FastDF is a lightning-fast, memory-efficient DataFrame implementation built on top of NumPy, designed to overcome the performance limitations of pandas for basic data operations.
- Blazing Fast: Up to 126x faster data access compared to pandas
- Memory Efficient: Optimized memory usage with NumPy 2D arrays
- Pandas-Compatible: Seamless integration with existing pandas-based projects
- Minimalist: Focuses on core functionality for maximum performance
FastDF was born out of frustration with the sluggish performance of pandas, especially when dealing with large datasets.
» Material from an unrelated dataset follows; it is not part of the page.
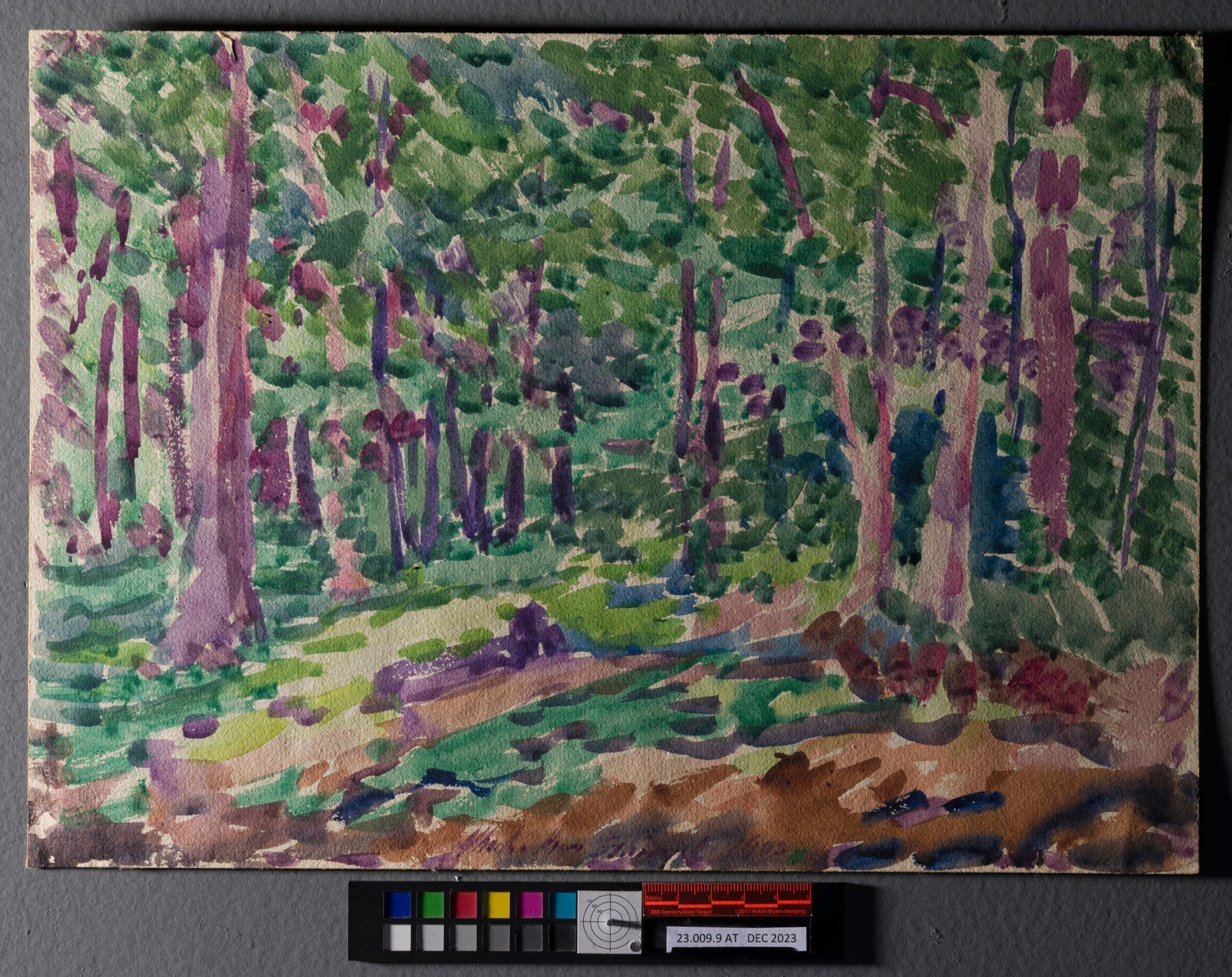 [Forest with purple and green trees]

After exploring various alternatives that either didn't work as expected or introduced complex syntax changes, we realized that for many data analysis tasks, we only need a handful of core features:
- Named columns
- Efficient slicing
- Basic operations like
shift
andany
By leveraging the power of NumPy's 2D arrays and implementing only the essential features, FastDF achieves remarkable performance improvements without sacrificing ease of use.
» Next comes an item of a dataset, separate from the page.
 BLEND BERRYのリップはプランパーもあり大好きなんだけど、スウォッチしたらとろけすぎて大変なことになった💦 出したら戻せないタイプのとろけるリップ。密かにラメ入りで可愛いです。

In our benchmarks, FastDF has shown:
- 40x faster data access compared to pandas
- Significantly faster slicing operations
- Reduced memory footprint
You can install FastDF using pip:
pip install fastdf
For the latest development version, you can install directly from GitHub:
pip install git+https://github.com/stwrn/fastdf.git
from fastdf import fdf
import pandas as pd
import numpy as np
# Create a pandas DataFrame
pdf = pd.DataFrame({'A': np.random.rand(1000000), 'B': np.random.rand(1000000)})
# Convert to FastDF
fast_df = fdf.from_pandas(pdf)
# Use FastDF with familiar pandas-like syntax
print(fast_df.loc[0:5, 'A'])
print(fast_df['B'].shift(1))
print(fast_df.any())
FastDF is designed to be a drop-in replacement for basic pandas operations. You can easily convert your pandas DataFrame to FastDF and continue using the familiar syntax:
# Your existing pandas code
result = pandas_df.loc[1000:2000]['B']
print(f"Pandas result {result}")
# With FastDF from pandas
fast_df = fdf.from_pandas(pandas_df)
result_fdf = fast_df.loc[1000:2000]['B']
print(f"FastDF result {result_fdf}")
# With FastDF
data = np.random.rand(1000, 5)
columns = ['A', 'B', 'C', 'D', 'E']
fast_df = fdf(data, columns)
print(f"FastDF {fast_df}")
We welcome contributions to FastDF! Whether it's bug reports, feature requests, or code contributions, please feel free to make a pull request or open an issue.
FastDF is released under the MIT License. See the LICENSE file for more details.
Special thanks to the NumPy and pandas teams for their incredible work, which laid the foundation for this project.
FastDF is still in active development. We're excited to see how it can help accelerate your data analysis workflows!